Supplied information >>
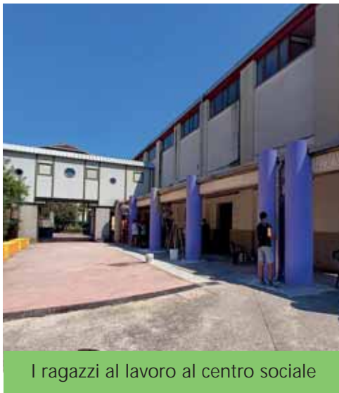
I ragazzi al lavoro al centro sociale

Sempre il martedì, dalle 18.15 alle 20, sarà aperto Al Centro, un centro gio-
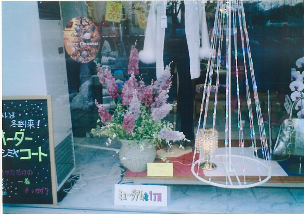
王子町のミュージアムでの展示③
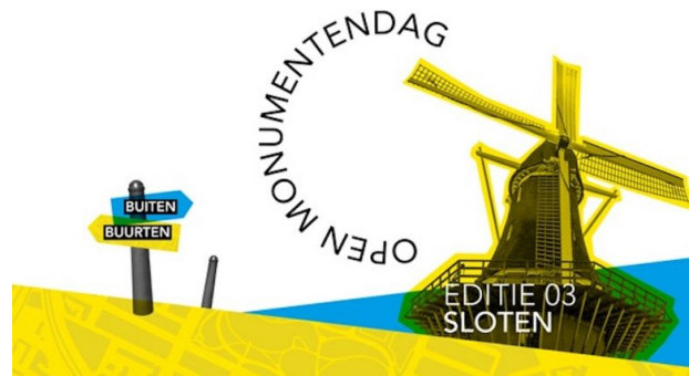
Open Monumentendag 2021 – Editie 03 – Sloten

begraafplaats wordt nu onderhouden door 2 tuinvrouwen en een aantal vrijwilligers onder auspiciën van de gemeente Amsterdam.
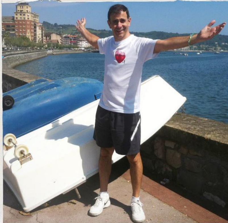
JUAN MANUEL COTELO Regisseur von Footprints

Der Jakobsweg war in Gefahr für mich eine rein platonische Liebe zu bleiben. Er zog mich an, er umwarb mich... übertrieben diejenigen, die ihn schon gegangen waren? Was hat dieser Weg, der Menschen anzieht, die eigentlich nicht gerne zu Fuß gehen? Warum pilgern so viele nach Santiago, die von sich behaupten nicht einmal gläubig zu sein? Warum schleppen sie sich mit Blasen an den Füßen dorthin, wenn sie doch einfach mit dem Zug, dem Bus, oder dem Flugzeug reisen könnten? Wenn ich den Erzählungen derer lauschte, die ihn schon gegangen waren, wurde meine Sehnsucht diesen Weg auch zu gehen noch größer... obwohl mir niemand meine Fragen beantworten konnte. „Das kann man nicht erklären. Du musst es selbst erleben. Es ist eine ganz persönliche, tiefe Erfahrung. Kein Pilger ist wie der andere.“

==

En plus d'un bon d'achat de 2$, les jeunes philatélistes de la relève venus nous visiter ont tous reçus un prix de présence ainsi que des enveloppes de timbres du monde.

* * *

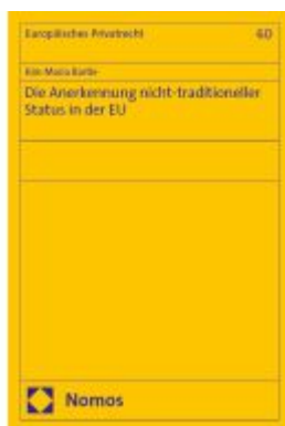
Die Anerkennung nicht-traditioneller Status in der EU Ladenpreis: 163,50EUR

Task to complete >>
Only one stretch of the data is wanted: write out exactly the lines from the one holding "I ragazzi al lavoro al centro sociale" through the one holding "JUAN MANUEL COTELO Regisseur von Footprints", both included, without the pictures.

Result of the task >>
I ragazzi al lavoro al centro sociale

Sempre il martedì, dalle 18.15 alle 20, sarà aperto Al Centro, un centro gio-
王子町のミュージアムでの展示③
Open Monumentendag 2021 – Editie 03 – Sloten

begraafplaats wordt nu onderhouden door 2 tuinvrouwen en een aantal vrijwilligers onder auspiciën van de gemeente Amsterdam.
JUAN MANUEL COTELO Regisseur von Footprints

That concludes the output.